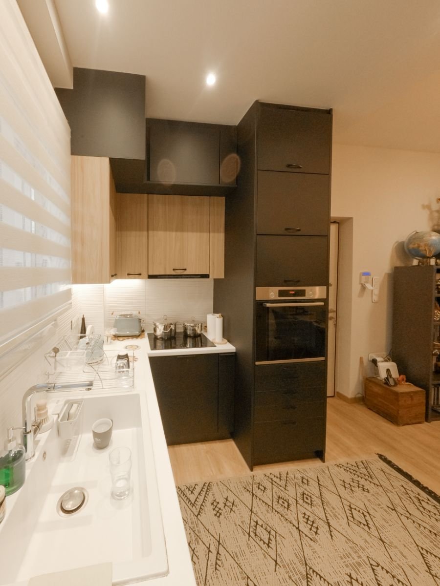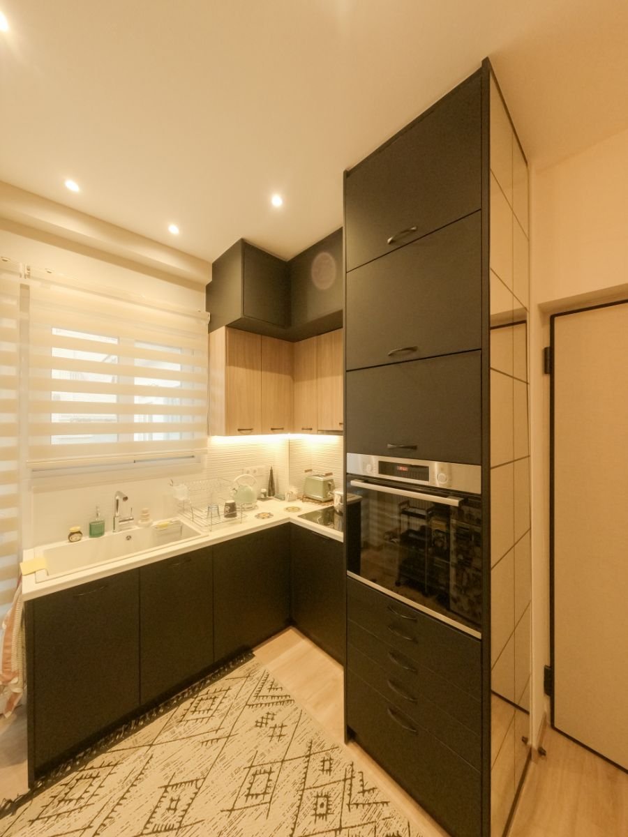 Τέλος η κουζίνα ενώ ήταν αρκετά μικρή, μετά την ανακαίνιση της έγινε απόλυτα λειτουργική. Η συγκεκριμένη ανακαίνιση είχε αρκετές δυσκολίες αλλά το αποτέλεσμα μας δικαίωσε όπως φαίνεται από τις φωτογραφίες.
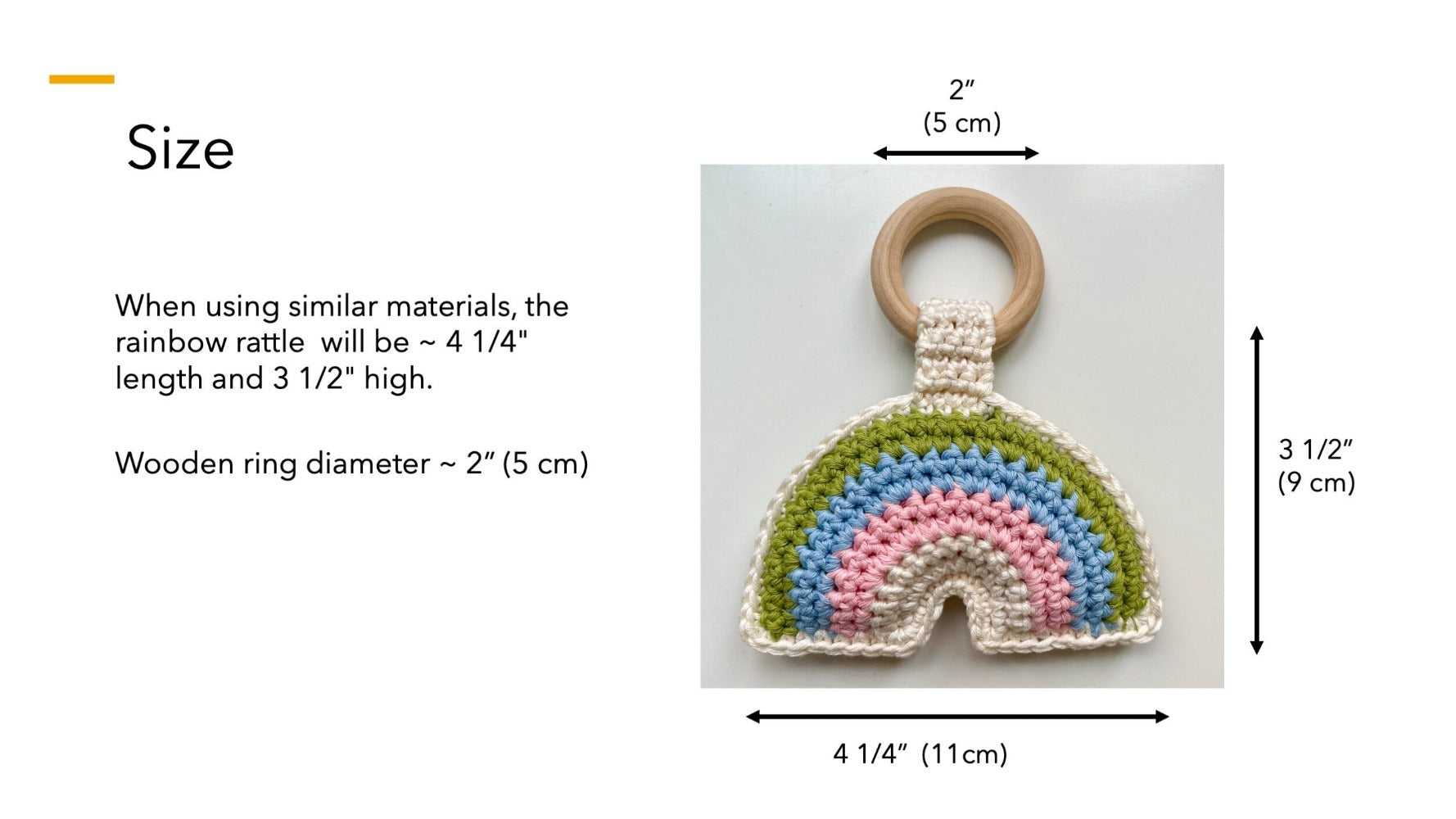 FINISH SIZE: when using similar materials, the rainbow rattle will be ~ 4 1/4" length and 3 1/2" high
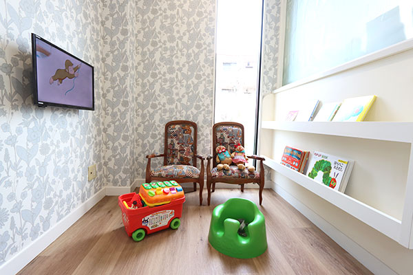 お子様が楽しく待てるよう、絵本やDVDなどをご用意しました。
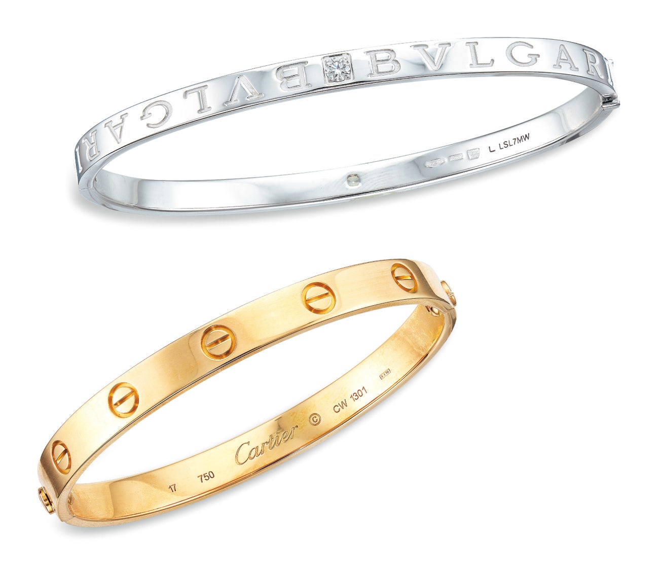 A Karat White Gold and Diamond Bangle, Bulgari; and a Karat Pink Gold 'Love' Bangle, Cartier
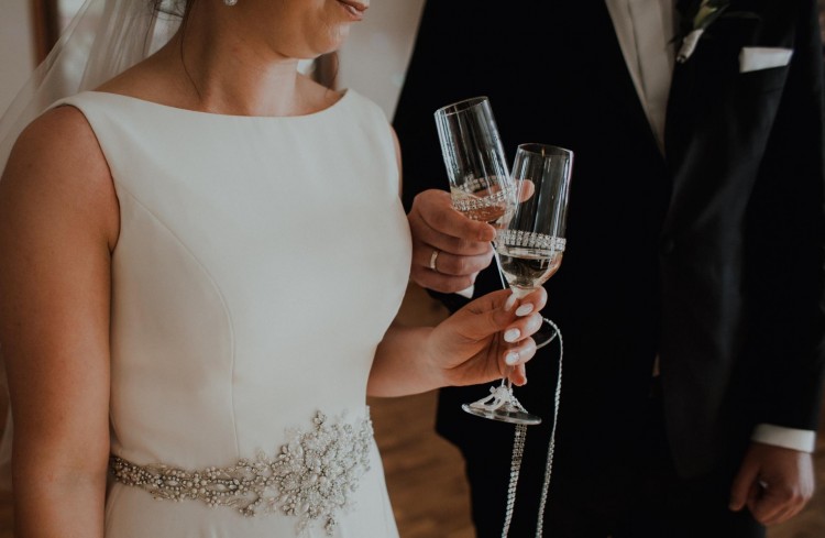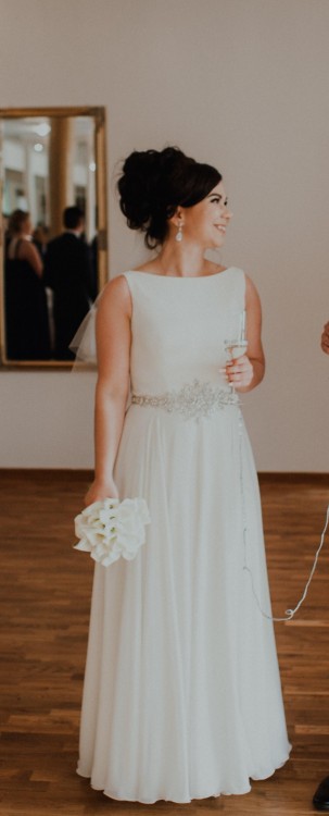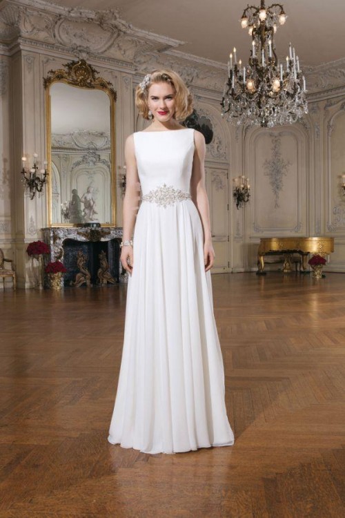 Suknia jest w kształcie litery A, szyta z koła, z dekoltem w łódkę, w talii zdobiona ręcznie wyszywanymi aplikacjami z kryształków Swarovskiego oraz perełek.

================================

Inclusive range, exact copy: the line containing "お子様が楽しく待てるよう、絵本やDVDなどをご用意しました。" through the last line of the listing. Print nothing else, and no pictures.

 お子様が楽しく待てるよう、絵本やDVDなどをご用意しました。
 A Karat White Gold and Diamond Bangle, Bulgari; and a Karat Pink Gold 'Love' Bangle, Cartier
 Suknia jest w kształcie litery A, szyta z koła, z dekoltem w łódkę, w talii zdobiona ręcznie wyszywanymi aplikacjami z kryształków Swarovskiego oraz perełek.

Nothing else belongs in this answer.